You should log at minimum one daily check on every day you operate. Pre-shift checks add a second layer of verification for high-volume days or when new staff are on duty. Post-incident and audit check types are used as needed. Consistent daily logging builds the record that inspectors want to see.

What are the 9 FDA-recognized major allergens?

The 9 major allergens under FALCPA are milk, eggs, fish, shellfish, tree nuts, peanuts, wheat, soybeans, and sesame. Sesame was added as the ninth allergen in January 2023. PassMyKitchen loads all 9 automatically in the allergen-specific checks section, so you do not need to remember the list.

Is allergen logging available on the Starter plan?

Allergen logging is available across PassMyKitchen plans. Check pricing for full details on what each plan includes.

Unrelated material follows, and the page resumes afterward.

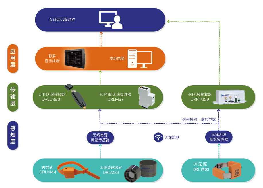 感知层通过温度传感器采集测温数据,利用LoRa组网方式集中接收并传输(RS485、4G等通讯方式)测温数据至本地显示终端、WEB等管理平台,实现对所有温度节点进行监测管控。

What if my menu does not contain any major allergens?

If none of the 9 FDA allergens are present in your current menu, you can still log daily checks to verify your general controls (station separation, dedicated utensils, surface sanitization, and staff training). Leave all allergens unchecked in the allergen-specific section. This creates a record showing you actively verified that no allergens were in use, which is still valuable documentation. For requirements under the FDA Food Code, see our FDA Food Code requirements guide.

How does my allergen log appear in Inspector Mode?

When you activate Inspector Mode, your allergen logs are accessible alongside your temperature, cleaning, and receiving logs. Inspectors see the same stats cards, compliance rate, and individual log entries that you see. Non-compliant entries and incidents are clearly flagged so the inspector can review your response to any issues. For a walkthrough of Inspector Mode, see how to use Inspector Mode.